Train Tree-Based Models: CART (Classification and Regression Trees)

cart_model <- rpart(Yield ~ ., data = training_set) # Train a CART model

# Evaluate the model
cart_predictions <- predict(cart_model, test_set)
cart_rmse <- sqrt(mean((cart_predictions - test_set$Yield)^2))
cart_rmse

## [1] 0.0001138218

# Get variable importance in CART model
importance_scores <- cart_model$variable.importance

# Convert the scores to a data frame and sort
importance_df <- data.frame(Variable = names(importance_scores), Importance = importance_scores)
importance_df <- importance_df[order(importance_df$Importance, decreasing = TRUE), ]

# Select the top 15 predictors
top_15_importance <- importance_df[1:15, ]

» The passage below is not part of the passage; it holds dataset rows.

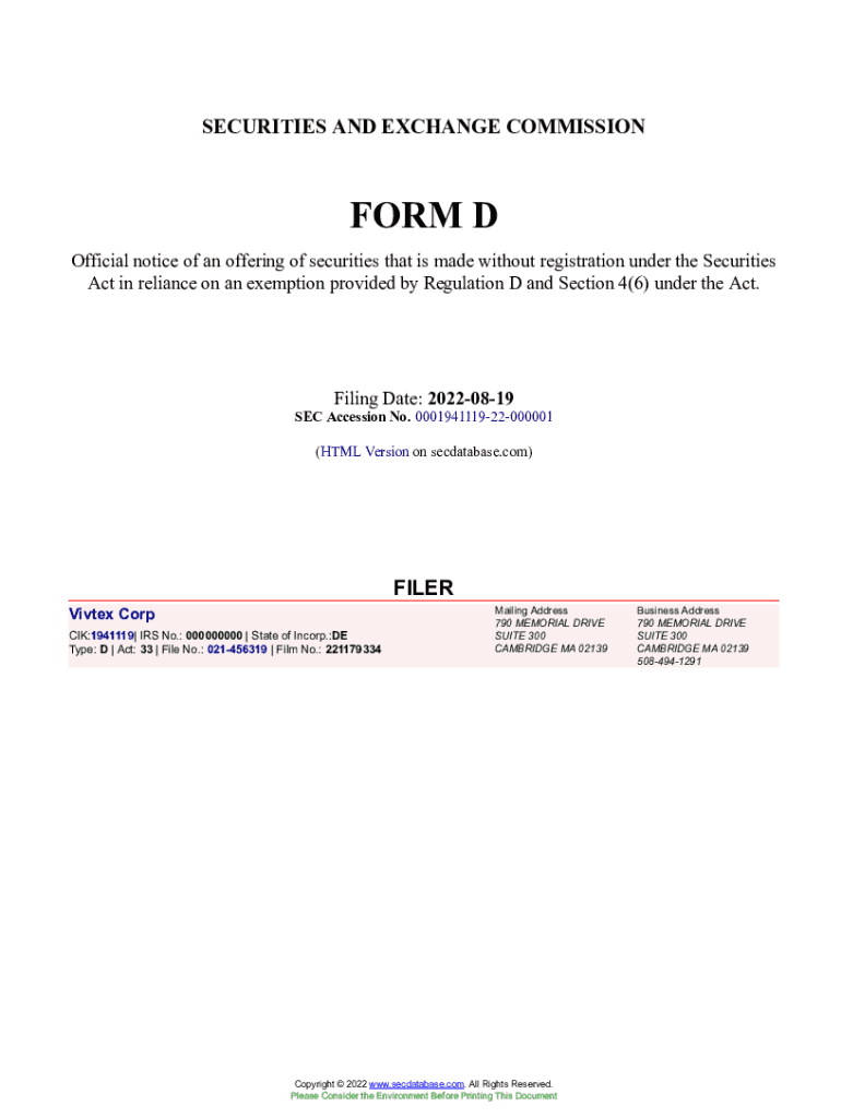 Get the free Vivtex Corp Form D Filed 2022-08-19. Accession Number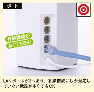 メッシュWi-Fiでベストバイに輝いたのは、「リンクシス」ブランドで展開されている「AtlasPro」。角柱の形状と白基調のデザインが特徴的な製品です。本機は親機の通信速度こそ2位の「Deco X90」に譲りましたが、サテライトの通信速度が速く、総合的に速度を評価した結果ベストになりました。ただし、本機のWANポートは1Gbpsまでの対応なので、それよりも高速なネット環境ではその速度を十分に引き出せません。本機はLANポートが3つ付いており、この種の製品としては豊富といえます。有線でしか接続できない機器が多い場合も安心して利用することができます。なお、今回は台組の製品で検証を行いましたが、他に3台組や単体での製品販売もされているため、使用場所の広さ、機器台数に応じてサテライトの数を増やすことができます。状況に応じた拡張が可能な点もメッシュWi-Fiルーターの利点といえます。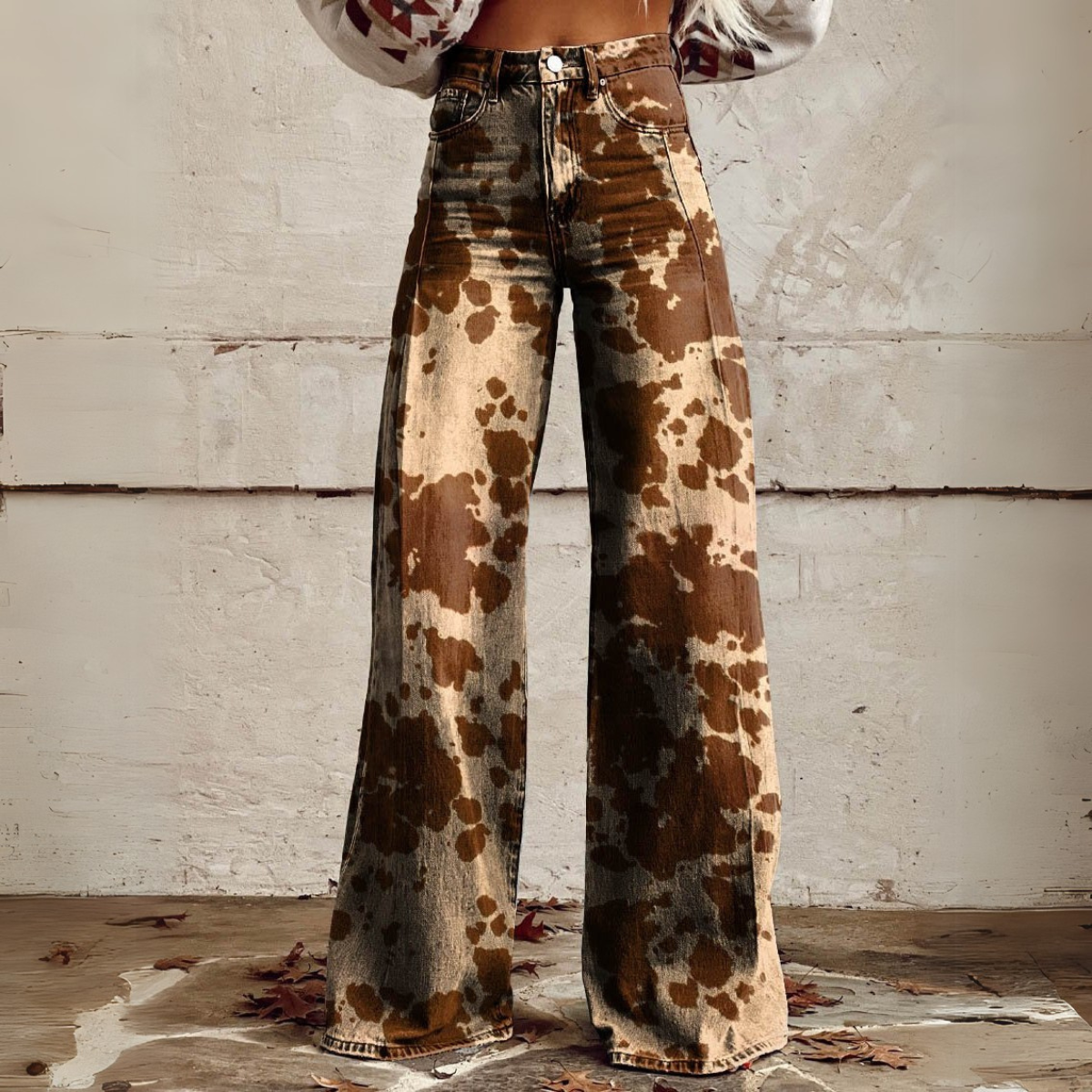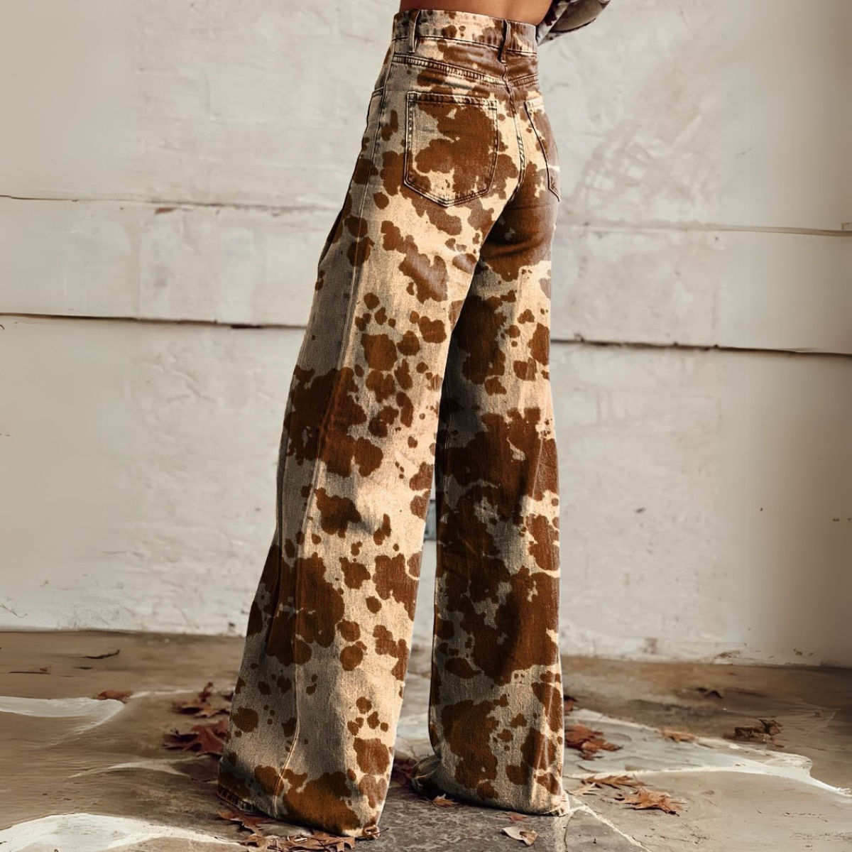 Diese weit geschnittenen Hosen haben eine hohe Taille und ein auffälliges Allover-Muster. Die strukturierte Form wird durch ein klassisches Fünf-Taschen-Design und einen sicheren Knopfverschluss ergänzt. Die locker geschnittenen Beine setzen ein Statement und verleihen dem Outfit eine markante Note.

# Plot the top 15 variable importance scores
ggplot(top_15_importance, aes(x = reorder(Variable, Importance), y = Importance)) +
  geom_bar(stat = "identity") +
  coord_flip() +
  labs(title = "Top 15 Predictors (CART Model)",
       x = "Predictor Variables",
       y = "Importance Score") +
  theme_minimal()

library(partykit)

## Loading required package: libcoin

## 
## Attaching package: 'partykit'

## The following objects are masked from 'package:party':
## 
##     cforest, ctree, ctree_control, edge_simple, mob, mob_control,
##     node_barplot, node_bivplot, node_boxplot, node_inner, node_surv,
##     node_terminal, varimp

set.seed(13)
# Train a Conditional Inference Tree (CTree)
ctree_model <- ctree(Yield ~ ., data = training_set)

# Evaluate the model
ctree_predictions <- predict(ctree_model, test_set)
ctree_rmse <- sqrt(mean((ctree_predictions - test_set$Yield)^2))
ctree_rmse

## [1] 0.0001634405

set.seed(13)
rf_model <- randomForest::randomForest(Yield ~ ., data = training_set, importance = TRUE)

# Evaluate model performance
rf_predictions <- predict(rf_model, test_set)
rf_rmse <- sqrt(mean((rf_predictions - test_set$Yield)^2))
cat("Random Forest RMSE:", rf_rmse, "\n")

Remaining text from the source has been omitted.